The foreign exchange rate industry has gathered considerable momentum in the last few decades. It has been inviting many new investors to trade in the currency market. Given the fact that there is no central authority regulating the foreign exchange environment, the idea of trading in international currency seems a bit unsafe. The forex trade is based on independent buyers and sellers of these currencies who get in touch with each other via a broker and crack a deal. It is essential to register yourself with an experienced broker and create a trading account with them. Foreign exchange is dependent on fluctuations of the market and actions of government financial institutions. The traction between two independent currencies always determines the forex rate. There are three types of exchange rates that you should be familiar with before you step into the world of currency trading, namely a floating exchange rate system, managed exchange rate system and fixed exchange rate system. These different types of exchange rates are dependent upon the government’s financial institutions, independent market forces of demand and supply or both. So the governments always try to keep the value of their currency in a higher position than others in the trade.

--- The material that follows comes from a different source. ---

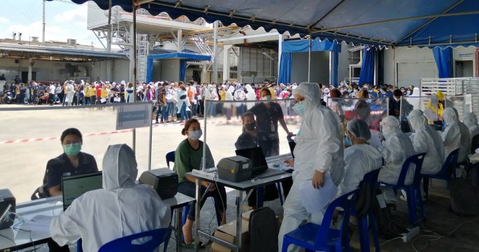 ก.แรงงาน 31 พ.ค.-กระทรวงแรงงานขานรับนายกรัฐมนตรีบูรณาการกับหน่วยงานที่เกี่ยวข้อง และ รพ.ในเครือข่ายประกันสังคม ตรวจโควิด-19 เชิงรุกแรงงานในสถานประกอบการและแคมป์คนงานจังหวัดปทุมธานีและนนทบุรี ควบคุมการแพร่ระบาดของโรค นายสุชาติ ชมกลิ่น รัฐมนตรีว่าการกระทรวงแรงงาน เปิดเผยถึงสถานการณ์การแพร่ระบาดของโควิด-19 ในแคมป์คนงานว่า พล.อ.ประยุทธ์ จันทร์โอชา นายกรัฐมนตรีและรัฐมนตรีว่าการกระทรวงกลาโหม มีความห่วงใยต่อสถานการณ์ดังกล่าวจึงสั่งการให้กระทรวงแรงงาน บูรณาการกับกระทรวงมหาดไทย ผู้ว่าราชการจังหวัด สาธารณสุขจังหวัด และโรงพยาบาลในเครือข่ายประกันสังคม ดำเนินการตรวจโควิด-19 เชิงรุกแก่แรงงานในสถานประกอบการและแคมป์คนงานในพื้นที่จังหวัดปทุมธานีและนนทบุรี เพื่อควบคุมการแพร่ระบาดของโควิด-19 นายสุชาติ กล่าวต่อว่า จังหวัดปทุมธานี เริ่มตรวจโควิด – 19 เชิงรุกในสถานประกอบการ เริ่มตั้งแต่วันนี้ (31 พ.ค.) จำนวน 3 แห่ง ได้แก่ บริษัท ไทสัน ลูกจ้างจำนวน 1,948 คน บริษัทโชคชัย เอ็นจิเนียริ่ง ลูกจ้างจำนวน 825 คน และ บริษัทเคลแมกซ์ แมซินเนอรี่ ลูกจ้างจำนวน 136 คน โดยมีโรงพยาบาลการุญเวช […]

Floating exchange rate system
In the free-floating exchange rate system, the governments do not interfere in the determination of the currency’s value. The floating exchange rate is also known as a flexible exchange rate, where the forces of demand and supply act as independent forces and resolve to set the value of the currency. Although the idea is to have a free market environment where the government won’t control rates, this is not possible in practice and exists only on paper. In reality, all governments and their central banks bring in policies which would alter the exchange rates of these currencies.
Managed exchange rate
Manages exchange rate is nothing but the government and its financial institutions interfering in the determination of free-floating exchange rates. Sometimes the currency of a nation swings violently, affecting the exchange rate and damaging the economy, to gain control over its fluctuations and maintain equilibrium between the two currencies. This works as a middle ground adopted by countries to keep their money safe and robust.
Fixed exchange rate system
In a fixed exchange rate system, the value of a currency is regulated by the government and its central bank. When the Bretton Woods System was in place, the amount of the money was tied to that of gold, after its ablation in the early 1970s the US dollar was tied to the cost of commodities. Now the governments were fixing the exchange rate of one currency against the dollars depending upon the price of their products.